We’d play gin and rummy until Mom picked me up.
I barely catch the sob before it escapes my chest. Breathe. If I’m having this much trouble outside the house, I’ll be doomed inside.
The rumors suggested some haunted hellscape. All I’m seeing is a Southern Living cover reject. How much do the folks of the Holler really know about the Warlock they fear? Or do they just listen to Gertha Fudge’s rants?
But as I focus, I notice the abnormalities.
What started as a traditional two-story, probably nineteenth-century farmhouse now has a dozen additions tacked onto the original heart of the structure.
Like the first godawful, confused layer cake I ever baked.
A house this size is expensive. Big like old money, not new money, Momaw would’ve said.
There are no fancy cars in the driveway, or any cars at all.
Odd, since the Holler’s public transit system consists of the church van or the bed of someone’s pickup.
The cracked, wavy glass windows were once elegant, but now vines rip at the rotting window frames and shutters, and birds’ nests barnacle for purchase. Ivy crawls between cracks in wood, threatening to pop loose a nail like floss hunting between teeth for a poppy seed.
I would know. Lemon poppy seed is a favorite flavor for the Frosts.
But the Manor banishes any hunger. My gut knots as a crisp April breeze edges under my clothes.

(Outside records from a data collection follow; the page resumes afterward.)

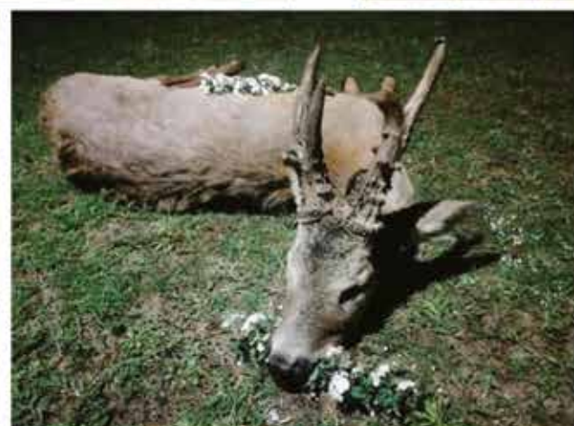
Trófea tömege: 560 gr * CIC: 155,43 * Minősítés: ARANY
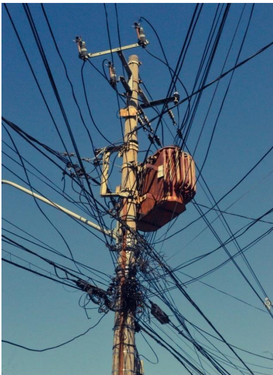
Figura 1,2,3 e 4 - Monumentos Cotidianos (2022)
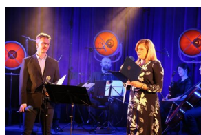
III Edycja Konkursu Poetyckiego „Historia najnowsza Polski w poezji dzieci i młodzieży”

https://www.facebook.com/IPN.Bialystok/posts/2724488797818191

It’s cooler up here than it is in town. Wild vegetation infests the sprawling grounds (farmland?), but this grand house is the first infected molecule of the plague.

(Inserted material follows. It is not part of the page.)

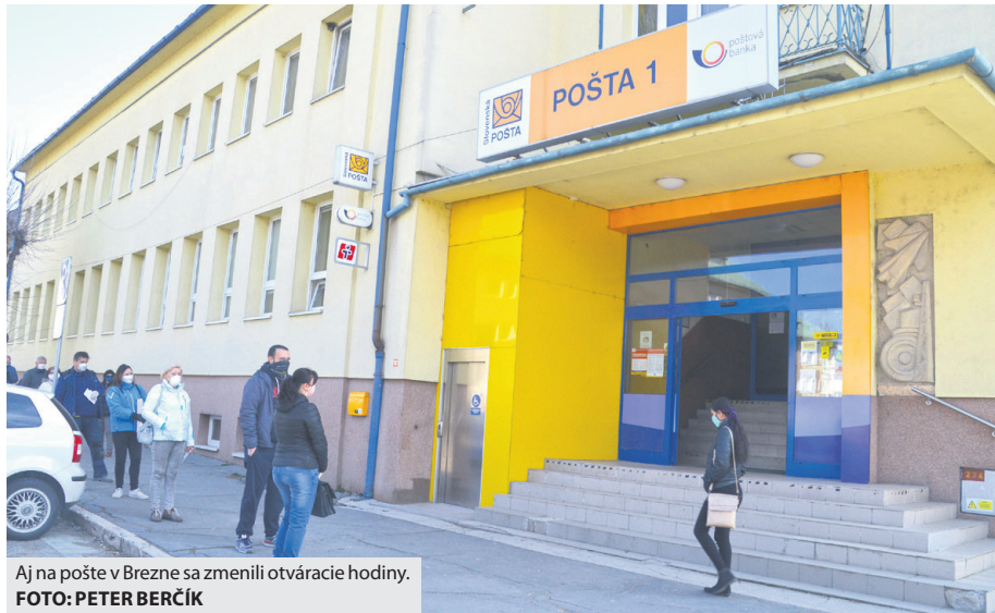
Aj na pošte v Brezne sa zmenili otváracie hodiny.

Ako informovala hovorkyňa Slovenskej pošty Eva Rovenská, zákazníkom odporúčajú návštevu pobočiek sa skôr vyhnúť a ak je to mož-

Now, truly realizing how far out here and alone I am, I feel silly, way in over my head.
If the house looks this sick on the outside, what is the Warlock like on the inside?
If my mom’s right about the suspiciously aggressive isolation, is she right telling me to refuse his offer altogether?

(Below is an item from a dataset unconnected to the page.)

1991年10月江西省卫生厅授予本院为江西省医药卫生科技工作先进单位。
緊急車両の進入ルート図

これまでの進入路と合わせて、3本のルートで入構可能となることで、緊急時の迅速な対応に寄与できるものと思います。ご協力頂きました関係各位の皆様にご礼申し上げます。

By trying to save her life, am I just going to risk mine?
What am I doing here?
I could turn back. Tell the nurses to keep trudging along, trying the same solutions, give Mom the same Jell-O, in the hopes she might get better.
Keep combing through cookbooks and recipe journals and grimoires for that fateful recipe I know has to exist. We could all simply return to the usual routine.
Screw that.
My mom has until July, if we’re lucky. I know exactly what I’m doing here. If I help this Warlock, he might help my mom in return. Or his archive could. Shoot, at the least, he could pay well enough for me to shuffle more money toward her care.
Behind its screen, I knock on the main front door. When there’s no answer, my nerves make me try the door, just in case.
It swings open without resistance.
Relief quells my panicky stomach. Interesting. But also unnerving. Am I being watched, or is the house always this hospitable? What if I hadn’t come? Would the Warlock have stomped into my shop this morning to track me down?
“Hello?” I call into the foyer.
Black-and-white tile bounces the echo back to me. Empty.
Lord, the sudden aroma of the cedarwood takes me right back to Momaw’s. All that’s missing is sugar and cinnamon toast.